Titrate cagrilintide from 0.25 mg to the 2.4 mg maintenance dose over 16 weeks to achieve sustained amylin-mediated appetite suppression and complement GLP-1 agonist therapy in the CagriSema combination protocol.

Cycle length: 20 weeks on.

Off-cycle: 8 weeks off; monitor weight and appetite during off-cycle.

Storage & handling

Lyophilized: store below 25 °C. Reconstituted at 2.5 mg/mL: refrigerate 2–8 °C; use within 28 days.

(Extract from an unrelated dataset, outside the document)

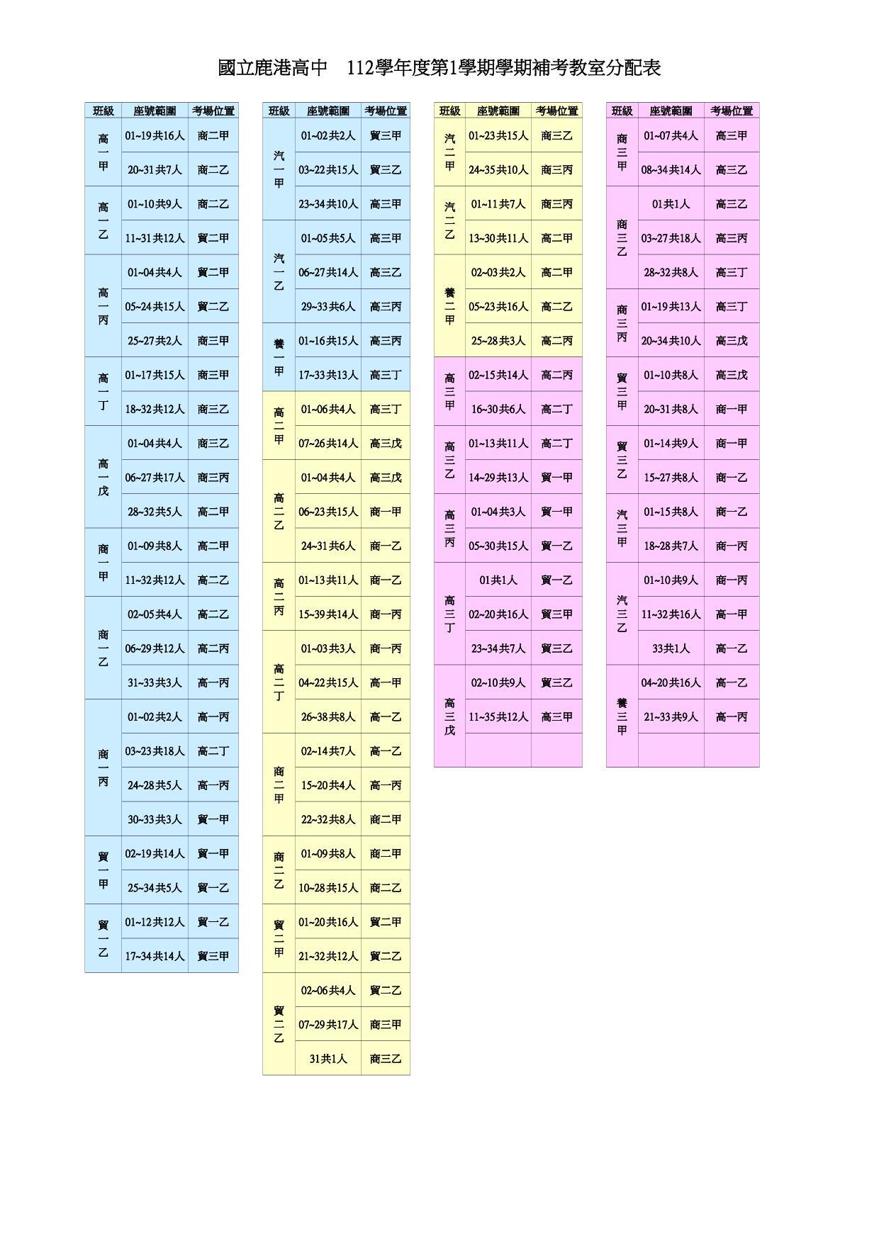 【學期補考重要公告】112學年度第1學期補考座位分配表暨補考注意事項

Do not freeze.

Injection & tracking tips

Cagrilintide is typically co-administered with semaglutide (CagriSema protocol); if combining, use separate syringes and sites.
Rotate injection sites weekly: abdomen, thigh, upper arm.
Nausea is most common in weeks 1–8; take injections in the evening to minimize daytime discomfort.

Tracking

Logging helps you and your provider spot patterns and adjust dose or timing.

Log body weight weekly; cagrilintide produces slower initial weight loss than GLP-1 agonists — full effects emerge at 8–12 weeks.
Record nausea and satiety level daily during the first 12 weeks.
Track caloric intake during the first month to calibrate dose timing relative to meals.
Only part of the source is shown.